1. The media and many on the left were saying or toting "this is trumps bengahzi" with the attack on our embassy.

- If this was the case then they are admitting that Bengahzi was handled wrong. Or admitting fault about Benghazi.
- Trump didn't wait 13 hours
- No US citizen died.

2. They are screaming that it was an over reach or trump needed the blessing of congress.

- This isn't a declaration of "war".
- This was a military action (Just like killing Osama and other drone attacks that Obama did)
- He is the leader of our military. 
- It happened in Iraq where we can take military actions.

3. There were some Dem politicians crying how Iran is running ramshot over the area.... then now back tracking on those statements.

4. Soleimani was responsible for many US troops deaths. 
- He used IED's
- He was the driving force of a terrorist group
- He was planning a coup in Iraq

Now some of these things are what is being said about Soleimani right now and only time will tell when more info is let out about this. But don't believe everything that is being spoon fed by the media. This was a bad man doing bad things. This right now isn't going to lead to WWIII.

Time will tell how this all plays out.


----------



## Plainsman (Jul 30, 2003)

Heads up and watch who complains about this. You will then know who is working against our country, and who the terrorist sympathisers are. There was a headline on Drudge today, but I forget the name of the two celebrities that apologized to Iran today. They should be shipped to Iran.


----------



## Sasha and Abby (May 11, 2004)

the ONLY REASON the left is complaining about this, is the FACT that it starkly contradicts the limp wristed oDumbass policies and actions.
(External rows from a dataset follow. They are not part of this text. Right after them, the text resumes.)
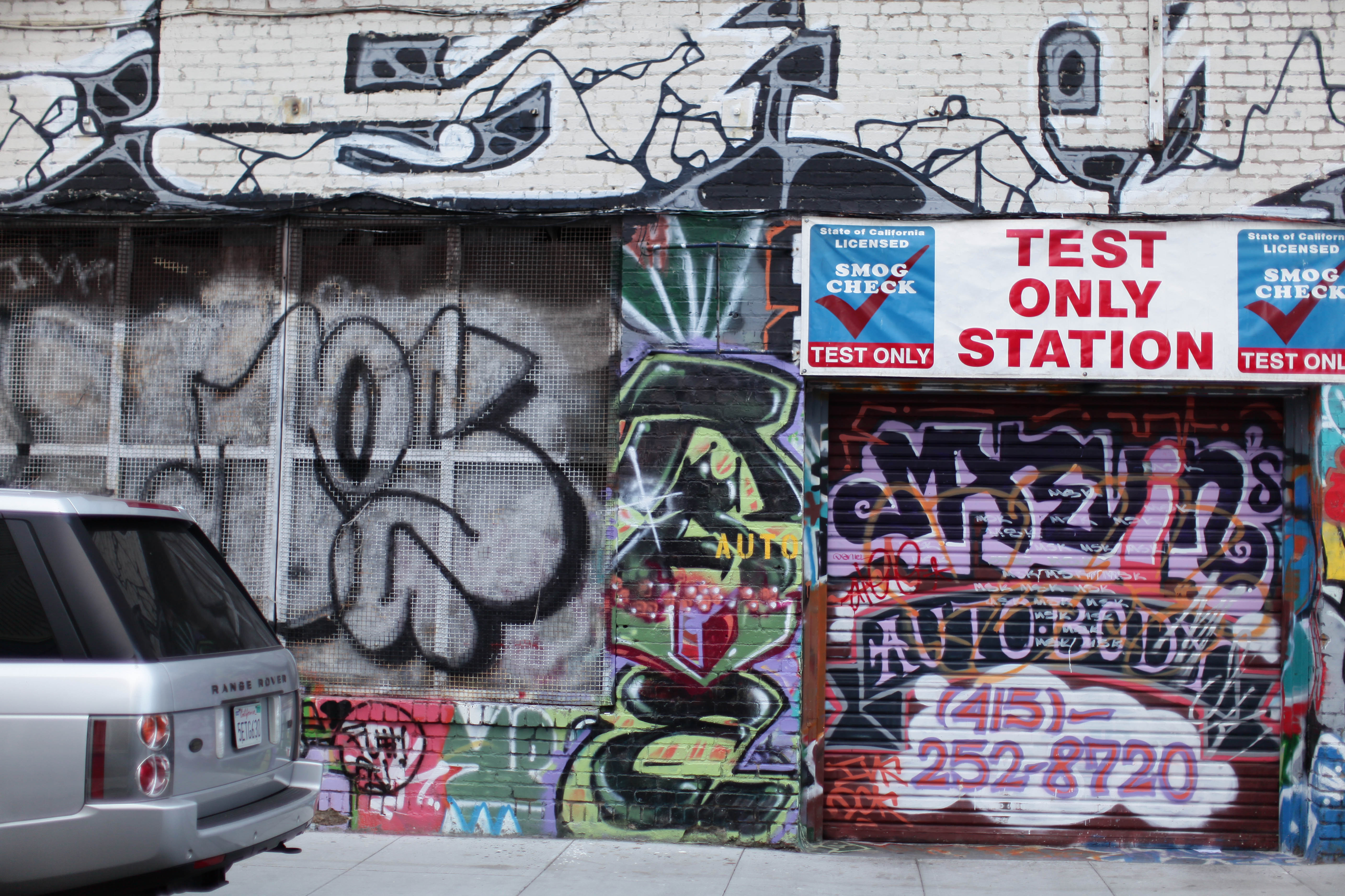 This photograph captures a vibrant street scene dominated by a kaleidoscope of graffiti art on a weathered brick wall. The contrast between the colorful tags and the stark signage of a smog check station evokes a sense of urban energy and creative rebellion. Soft daylight illuminates the textures, enhancing both the gritty charm and the spontaneity of the space.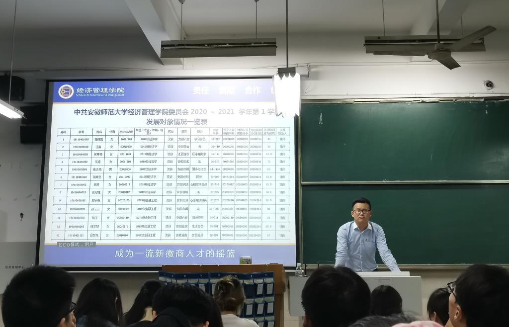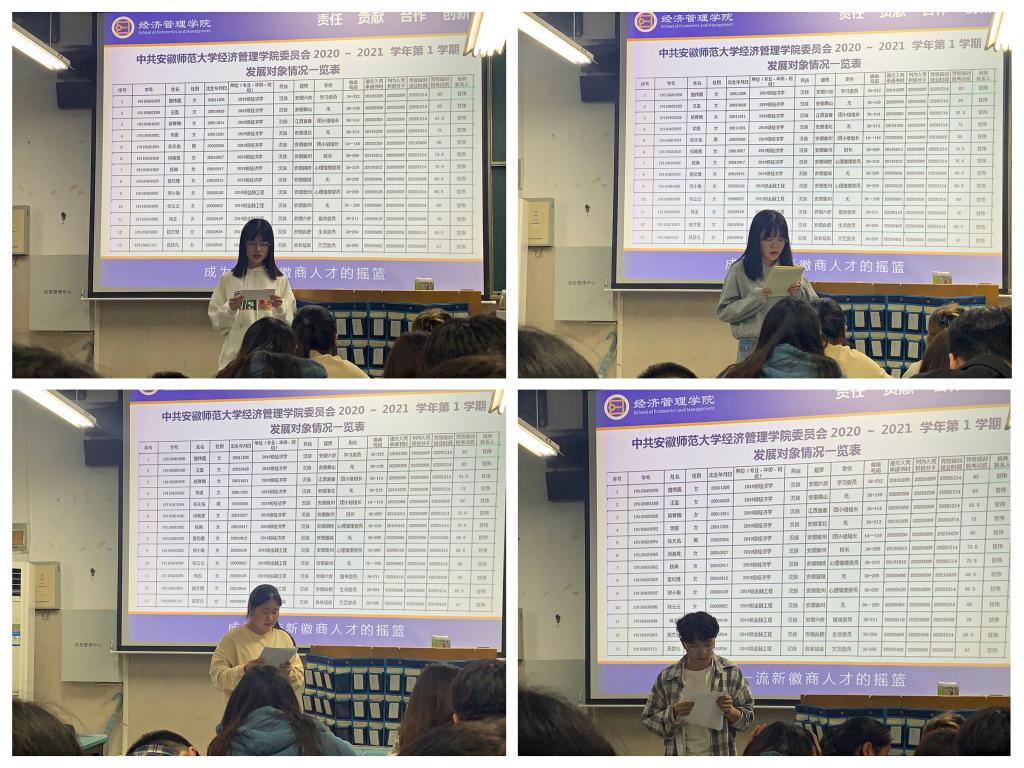 会议伊始,甘伟老师向同学们介绍了组织发展流程,提醒班级同学在关注日常学习课业的情况不要忽略思想上的学习,鼓励同学们要主动学习党史,参与党支部活动,学习党的最新思想和会议精神,主动探寻适合自己的发展路径并付诸行动。并对2021年下半年第三批、第四批拟发展对象的推选工作要求、工作程序进行了反馈,2019级经济学类13位拟发展对象候选人依次上台做了近期的思想汇报,候选同学对标对表找差距、找问题,表示将不断提升自我,以一名合格党员的标准严格要求自己,争取早日加入党组织。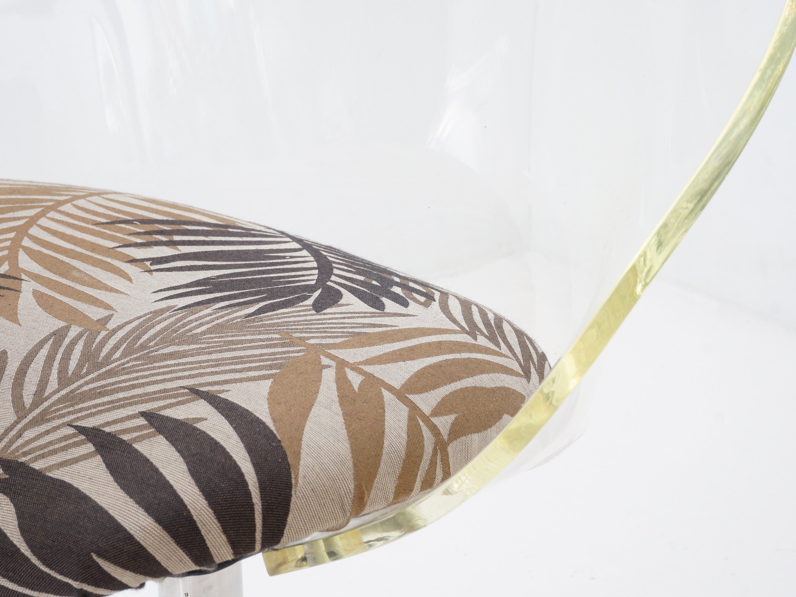 A chair like a hot guy with glasses - it's all clear and shiny on the outside, but you know there's some substance and intelligence there too, with that fancy palm tree fabric.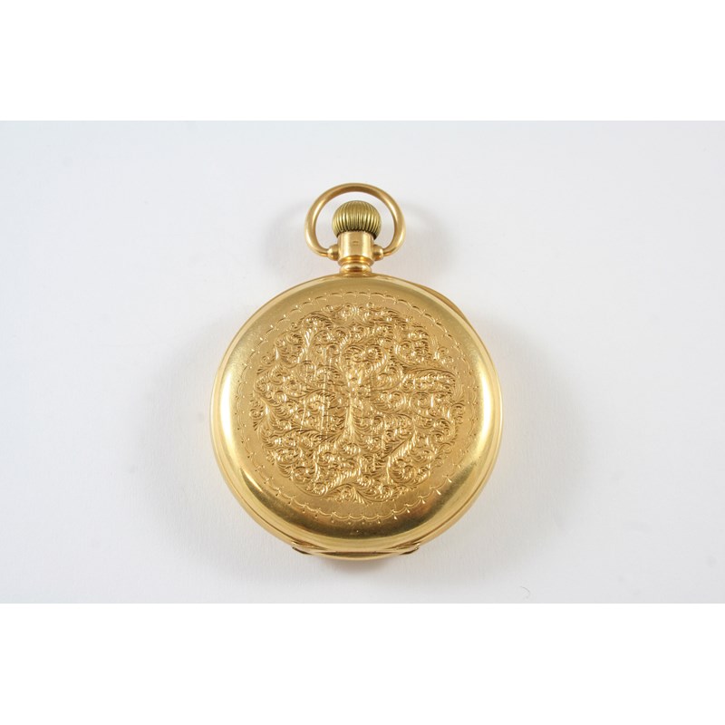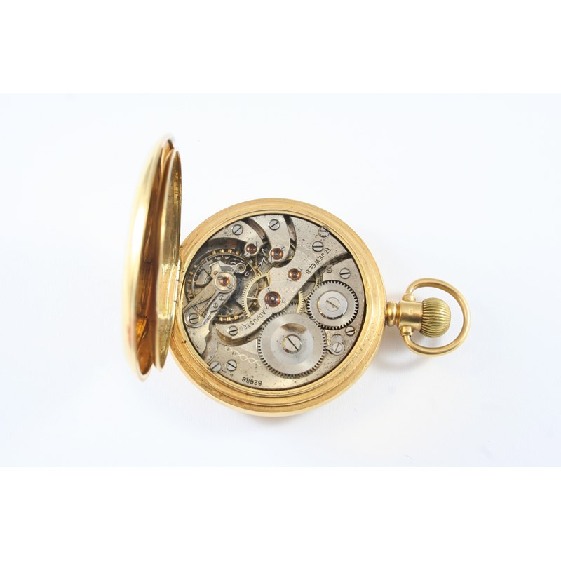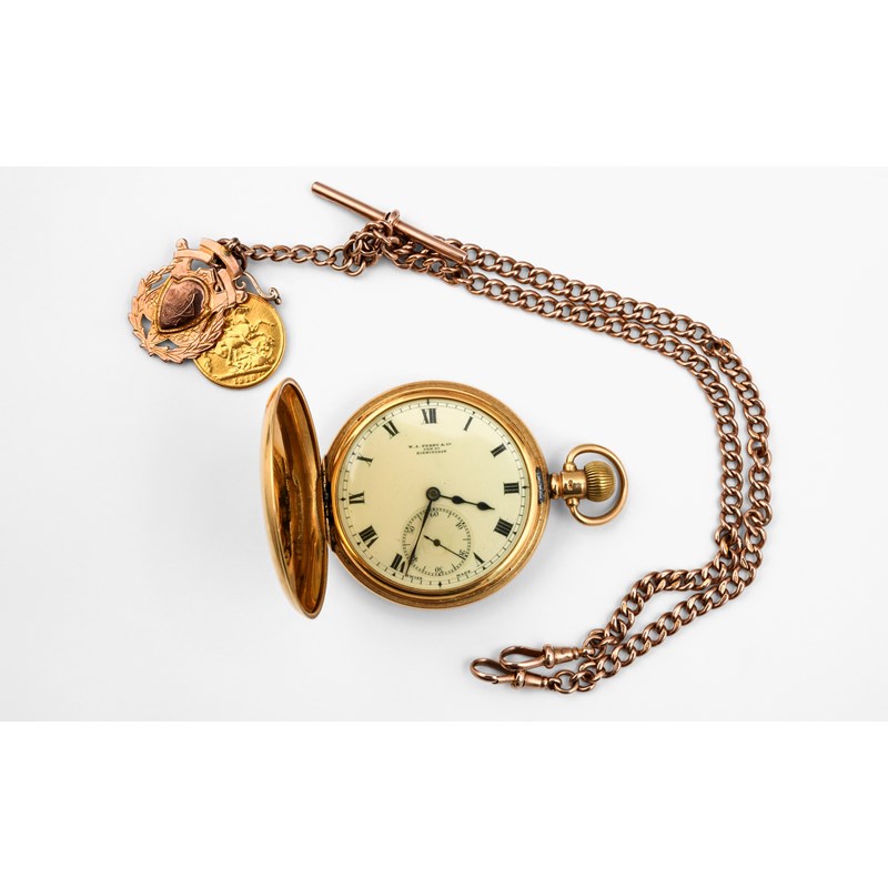 AN 18CT GOLD FULL HUNTING CASED POCKET WATCH BY W.A. PERRY & CO., NEW ST, BIRMINGHAM the signed circular dial with Roman numerals and subsidiary seconds dial, the case numbered 8833998, hallmarked for Birmingham 1916, with foliate engraved decoration to both cases, 50mm dia., 99.9 grams, together with a 9ct rose gold curb link watch chain, suspending a 9ct gold 't' bar, a 9ct gold medallion, and a gold sovereign 1913, attached to a pendant fitting, 41cm long, total weight of watch chain and attachments 41.6 grams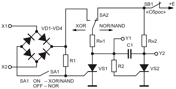 Универсальный двухтиристорный логический элемент NOR/XOR/NAND (выход Y1), OR/XNOR/AND (выход Y2)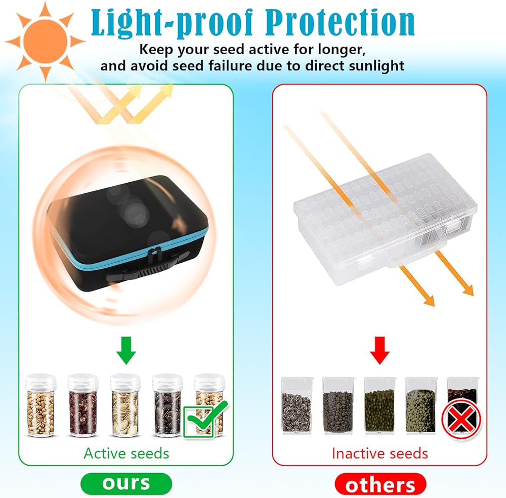 Multiple Protection: All seed organizer boxes are seated securely in sponge holes to avoid collisions between boxes. Compared to large plastic boxes, the high-quality zipper bag can provide more cushioning and is not easily damaged. And seed organizer bag can provide light-proof protection, allowing them to maintain vitality for longer

What Trump did makes him look like he is strong and in control and further shows the FAILED policies of oDumbass who would rather bow (literally) to our enemies... Go TRUMP

MAGA


----------



## Canuck (Nov 10, 2004)

Trump is threatening to destroy 56 Iranian cultural sites if Iran retaliates. Intentional destruction of culturally significant sites is a War Crime (Geneva Convention Rule 38. Attacks against Cultural Property). 
Does he not know that or does he not care?


----------



## KEN W (Feb 22, 2002)

Canuck said:


> Trump is threatening to destroy 56 Iranian cultural sites if Iran retaliates. Intentional destruction of culturally significant sites is a War Crime (Geneva Convention Rule 38. Attacks against Cultural Property).
> Does he not know that or does he not care?


Doesn't care. :eyeroll: :eyeroll: :eyeroll:


----------



## Plainsman (Jul 30, 2003)

It's good to get past these apology tours. Now is our liberal friends could grow a set. My only regret about Soleimani is I didn't get to pull the trigger.

We are in a match against people who follow no rules. Trump should blow their oil fields and the mosque with the red flag. Drop one of those mothers of all bombs on their largest military site. Kill them before they kill us.


----------



## speckline (Dec 13, 2008)

Canuck said:


> Trump is threatening to destroy 56 Iranian cultural sites if Iran retaliates. Intentional destruction of culturally significant sites is a War Crime (Geneva Convention Rule 38. Attacks against Cultural Property).
> Does he not know that or does he not care?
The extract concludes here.